__Data records__.
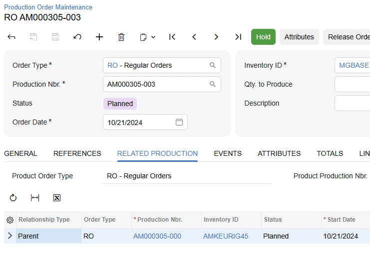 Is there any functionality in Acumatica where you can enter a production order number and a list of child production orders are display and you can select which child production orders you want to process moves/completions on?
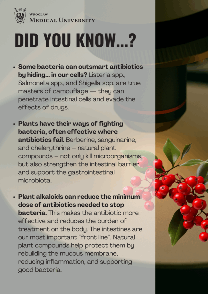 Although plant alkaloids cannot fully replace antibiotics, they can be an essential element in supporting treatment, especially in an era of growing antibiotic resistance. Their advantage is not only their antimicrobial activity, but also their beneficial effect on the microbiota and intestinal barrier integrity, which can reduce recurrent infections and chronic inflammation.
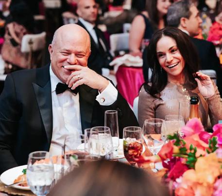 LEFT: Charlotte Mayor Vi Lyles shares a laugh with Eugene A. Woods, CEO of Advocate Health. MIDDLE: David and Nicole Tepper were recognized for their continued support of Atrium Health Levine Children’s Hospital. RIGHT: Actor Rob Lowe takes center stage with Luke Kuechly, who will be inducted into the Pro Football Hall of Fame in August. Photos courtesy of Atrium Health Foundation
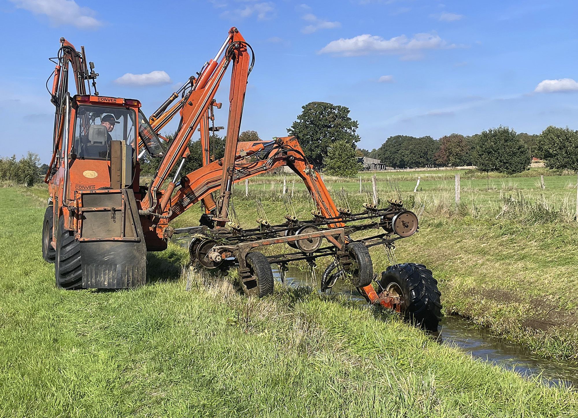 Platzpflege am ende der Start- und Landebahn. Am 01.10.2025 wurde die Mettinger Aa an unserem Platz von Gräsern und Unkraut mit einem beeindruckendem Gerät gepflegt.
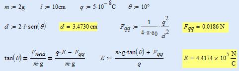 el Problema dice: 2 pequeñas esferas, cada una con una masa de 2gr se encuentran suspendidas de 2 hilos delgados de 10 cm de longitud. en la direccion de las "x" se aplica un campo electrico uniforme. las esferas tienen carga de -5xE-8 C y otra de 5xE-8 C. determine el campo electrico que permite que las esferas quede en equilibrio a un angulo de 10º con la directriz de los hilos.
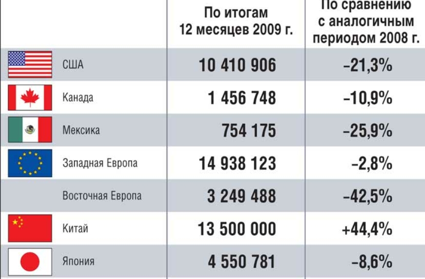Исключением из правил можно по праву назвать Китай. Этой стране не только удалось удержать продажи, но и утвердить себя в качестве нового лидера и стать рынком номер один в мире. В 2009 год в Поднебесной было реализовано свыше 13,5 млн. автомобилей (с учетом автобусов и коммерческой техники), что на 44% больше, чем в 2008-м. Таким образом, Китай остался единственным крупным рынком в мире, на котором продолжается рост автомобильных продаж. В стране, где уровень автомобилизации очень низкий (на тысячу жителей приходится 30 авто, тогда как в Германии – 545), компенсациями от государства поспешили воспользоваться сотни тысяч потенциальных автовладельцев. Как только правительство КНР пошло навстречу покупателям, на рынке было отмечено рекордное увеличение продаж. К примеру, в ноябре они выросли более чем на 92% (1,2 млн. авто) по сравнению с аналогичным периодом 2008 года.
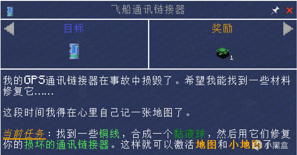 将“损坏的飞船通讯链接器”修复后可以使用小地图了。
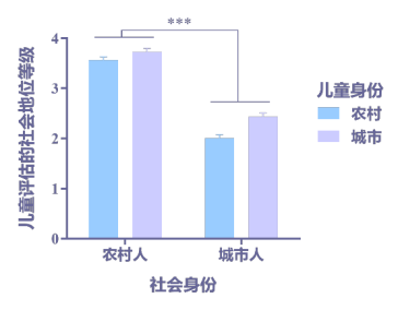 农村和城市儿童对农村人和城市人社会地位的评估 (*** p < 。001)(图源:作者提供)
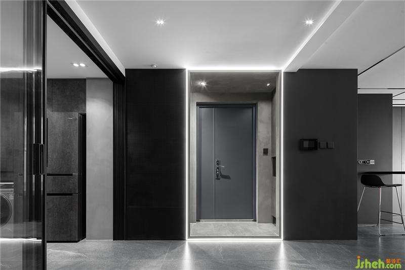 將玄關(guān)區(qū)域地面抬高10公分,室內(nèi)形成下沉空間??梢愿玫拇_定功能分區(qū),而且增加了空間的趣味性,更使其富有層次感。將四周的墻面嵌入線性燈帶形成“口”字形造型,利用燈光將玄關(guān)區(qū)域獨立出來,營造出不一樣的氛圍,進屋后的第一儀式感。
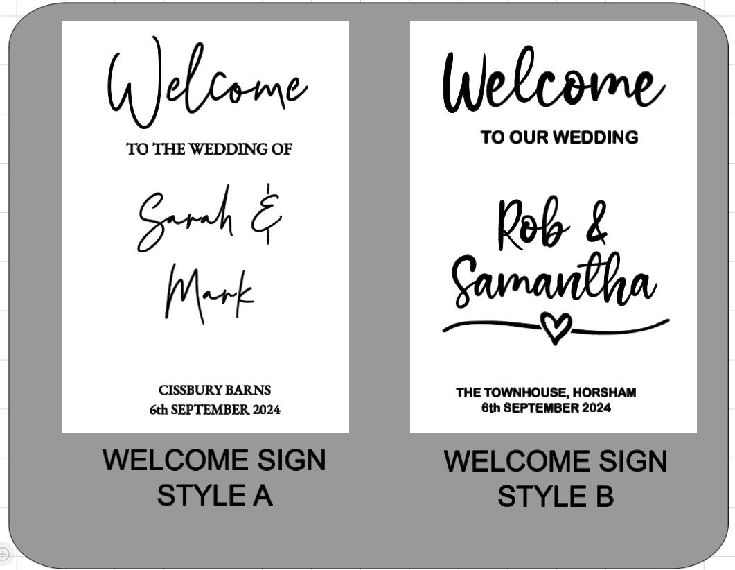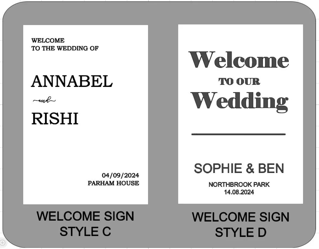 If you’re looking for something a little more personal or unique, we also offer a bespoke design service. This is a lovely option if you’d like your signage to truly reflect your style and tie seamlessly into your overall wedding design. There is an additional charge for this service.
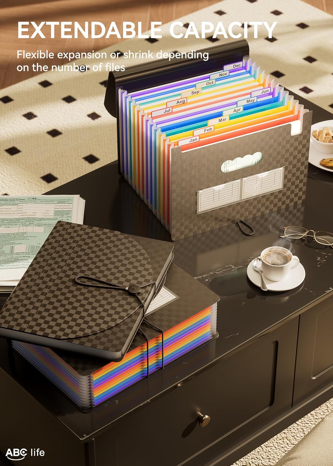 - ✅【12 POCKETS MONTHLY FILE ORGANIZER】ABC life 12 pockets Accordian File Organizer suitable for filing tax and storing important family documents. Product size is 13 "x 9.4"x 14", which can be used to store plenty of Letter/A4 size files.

__What needs to be done__. The material above is to be transcribed exactly, with all pictures omitted.

__Task result__.
 Is there any functionality in Acumatica where you can enter a production order number and a list of child production orders are display and you can select which child production orders you want to process moves/completions on?
 Although plant alkaloids cannot fully replace antibiotics, they can be an essential element in supporting treatment, especially in an era of growing antibiotic resistance. Their advantage is not only their antimicrobial activity, but also their beneficial effect on the microbiota and intestinal barrier integrity, which can reduce recurrent infections and chronic inflammation.
 LEFT: Charlotte Mayor Vi Lyles shares a laugh with Eugene A. Woods, CEO of Advocate Health. MIDDLE: David and Nicole Tepper were recognized for their continued support of Atrium Health Levine Children’s Hospital. RIGHT: Actor Rob Lowe takes center stage with Luke Kuechly, who will be inducted into the Pro Football Hall of Fame in August. Photos courtesy of Atrium Health Foundation
 Platzpflege am ende der Start- und Landebahn. Am 01.10.2025 wurde die Mettinger Aa an unserem Platz von Gräsern und Unkraut mit einem beeindruckendem Gerät gepflegt.
 el Problema dice: 2 pequeñas esferas, cada una con una masa de 2gr se encuentran suspendidas de 2 hilos delgados de 10 cm de longitud. en la direccion de las "x" se aplica un campo electrico uniforme. las esferas tienen carga de -5xE-8 C y otra de 5xE-8 C. determine el campo electrico que permite que las esferas quede en equilibrio a un angulo de 10º con la directriz de los hilos.
Исключением из правил можно по праву назвать Китай. Этой стране не только удалось удержать продажи, но и утвердить себя в качестве нового лидера и стать рынком номер один в мире. В 2009 год в Поднебесной было реализовано свыше 13,5 млн. автомобилей (с учетом автобусов и коммерческой техники), что на 44% больше, чем в 2008-м. Таким образом, Китай остался единственным крупным рынком в мире, на котором продолжается рост автомобильных продаж. В стране, где уровень автомобилизации очень низкий (на тысячу жителей приходится 30 авто, тогда как в Германии – 545), компенсациями от государства поспешили воспользоваться сотни тысяч потенциальных автовладельцев. Как только правительство КНР пошло навстречу покупателям, на рынке было отмечено рекордное увеличение продаж. К примеру, в ноябре они выросли более чем на 92% (1,2 млн. авто) по сравнению с аналогичным периодом 2008 года.
 将“损坏的飞船通讯链接器”修复后可以使用小地图了。
 农村和城市儿童对农村人和城市人社会地位的评估 (*** p < 。001)(图源:作者提供)
 將玄關(guān)區(qū)域地面抬高10公分,室內(nèi)形成下沉空間??梢愿玫拇_定功能分區(qū),而且增加了空間的趣味性,更使其富有層次感。將四周的墻面嵌入線性燈帶形成“口”字形造型,利用燈光將玄關(guān)區(qū)域獨立出來,營造出不一樣的氛圍,進屋后的第一儀式感。
 If you’re looking for something a little more personal or unique, we also offer a bespoke design service. This is a lovely option if you’d like your signage to truly reflect your style and tie seamlessly into your overall wedding design. There is an additional charge for this service.
 - ✅【12 POCKETS MONTHLY FILE ORGANIZER】ABC life 12 pockets Accordian File Organizer suitable for filing tax and storing important family documents. Product size is 13 "x 9.4"x 14", which can be used to store plenty of Letter/A4 size files.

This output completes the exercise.